The operating system was unveiled with the iPhone at the Macworld Conference & Expo on

January 9, 2007, and released in June of that year. At the time of its unveiling in January, Steve

Jobs claimed: "iPhone runs OS X" and runs "desktop class applications", but at the time of the

iPhone's release, the operating system was renamed "iPhone OS" Initially, third-party native

applications were not supported. Jobs' reasoning was that developers could build web

applications through the Safari web browser that "would behave like native apps on the iPhone".

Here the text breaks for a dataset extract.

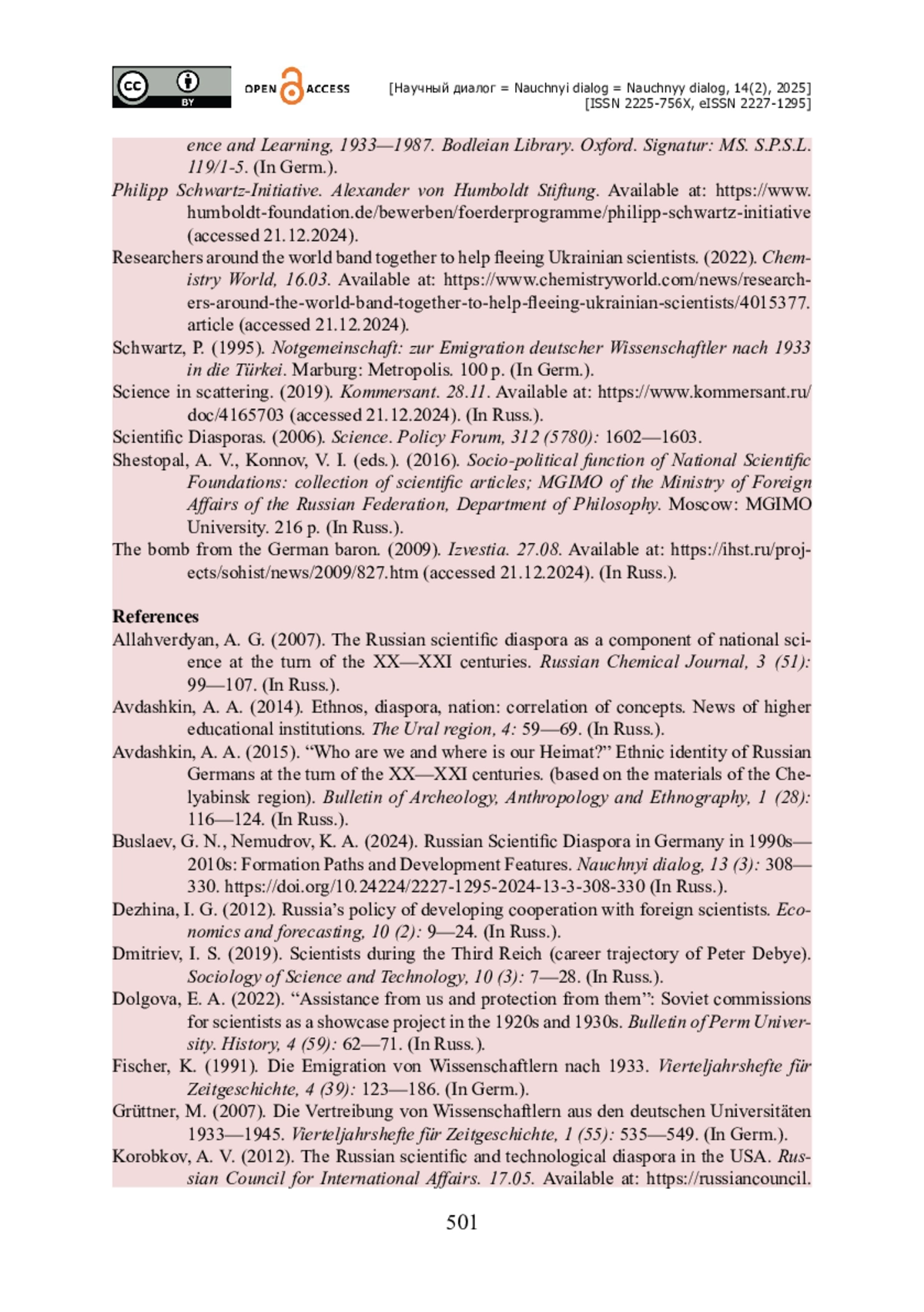 4. Буслаев Г. Н. Российская научная диаспора в Германии в 1990-2010-е годы : пути формирования и особенности развития / Г. Н. Буслаев, К. А. Немудров // Научный диалог. - 2024. - № 3. - С. 308-330. - https://doi.org/10.24224/2227-1295-2024-13-3-308-330.

In October 2007, Apple announced that a native Software Development Kit (SDK) was under

development and that they planned to put it "in developers' hands in February". On March 6,

2008, Apple held a press event, announcing the iPhone SDK

The iOS App Store was opened on July 10, 2008 with an initial 500 applications available. This

quickly grew to 3,000 in September 2008, 15,000 in January 2009, 50,000 in June 2009, 100,000

in November 2009, 250,000 in August 2010, 650,000 in July 2012,1 million in October 2013,2

million in June 2016,and 2.2 million in January 2017.As of March 2016, 1 million apps are

natively compatible with the iPad tablet computer. These apps have collectively been

downloaded more than 130 billion times. As of 2021 there are more than 5 million apps on the

apple app store

2.3 iPhone OS to iOS

In June 2010, Apple rebranded iPhone OS as "iOS". The trademark "IOS" had been used by

Cisco for over a decade for its operating system, IOS, used on its routers. To avoid any potential

lawsuit, Apple licensed the "IOS" trademark from Cisco.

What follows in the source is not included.